Drętwota! – Eckley wymierzył w rudowłosą kobietę, której twarz wykrzywiona była w pogardzie. Zaklęcie zostało odbite machnięciem różdżki, zaś czarownica odwdzięczyła się śmiertelnie wyglądającą fioletową klątwą.

Albus się nie wahał. Zobaczywszy okazję, wyskoczył zza kanapy i wyeliminował przeciwniczkę własnym oszałamiaczem. Gdy zaklęcia się zderzyły, wiązka światła uderzyła w niczego niespodziewającego się mężczyznę po prawej stronie.

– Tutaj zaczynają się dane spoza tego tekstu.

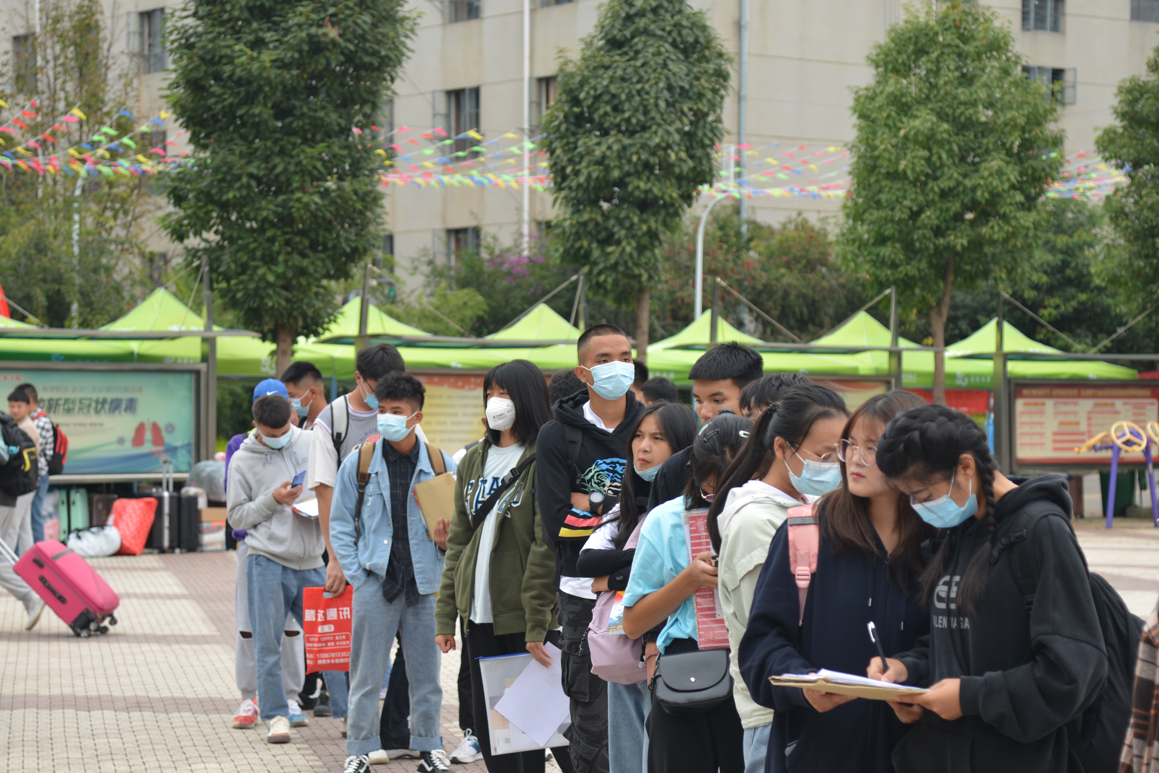 学校为外地抵昆的学生提供了贴心的接站服务,在昆明各大火车站、汽车站设置了新生接站点,组织了新生接待志愿者队伍,派出了接站车。新生抵达学校后,经测体温、扫描“云南健康码”、行李消杀等手续后,前往各服务点办理报到手续。校园内,红色的迎新拱门、横幅展板上热情的标语、迎风招展的彩旗,无一不向新同学透露着欢迎的气息。广场上,各项工作秩序井然,各个二级学院、招就处、学生处、保卫处,计财处等部门在校园广场设置服务点,便捷、高效的完成了新生报到注册工作。

Occuscura! – Zaatakował, kiedy kobieta wyczarowała tarczę. Chociaż próbowała go zablokować, klątwa przebiła się przez jej ochronę i zaowocowała uderzeniem prosto w głowę. W wyniku pozbawienia wzroku zaczęła wrzeszczeć i na oślep rzucać przekleństwami, przez co wyeliminowała z bitwy jednego ze swoich towarzyszy.

Z kąta wystrzelił w niego niebieski urok, ale wciąż zaaferowany poprzednim pojedynkiem, nie zdążył się odwrócić na czas. Eckley pospieszył mu na ratunek, skutecznie odpierając klątwę.

Ślizgon rzucił koledze pełne wdzięczności spojrzenie, po czym rozejrzał się po pozostałych wrogach – w grupie wypatrzył potężnego mężczyznę o przeszywających, jasnych oczach sprzed mniej więcej tygodnia. Oboje ruszyli naprzód, zaś inna kobieta, widząc szarżę, spróbowała ich rozdzielić, rzucając krzesłem.

Charlie wysadził je w powietrzu, co dało Albusowi czas na namierzenie najgroźniej wyglądającego przeciwnika. Wycelował w zwalistego czarodzieja i pomyślał o czymś ciężkim, a jego obuwie automatycznie nabrało wagi, dzięki czemu zachwiał się w miejscu, stracił równowagę i upadł na plecy, wprost pod nogi swojej towarzyszki, która zahaczyła o niego stopą i się przewróciła; oboje zostali chwilę później unieruchomieni. Po skończonej robocie chłopcy zwrócili uwagę na oślepioną czarownicę, która wciąż się miotała – wtem zamilkła, uciszona wspólnym oszałamiaczem.

– Możesz zejść na dół! – krzyknął Eckley do Wilde'a, który chwilę później rzeczywiście zszedł po schodach chybotliwym krokiem, podczas gdy ślizgon ściągnął z nieprzytomnego osiłka wierzchni płaszcz.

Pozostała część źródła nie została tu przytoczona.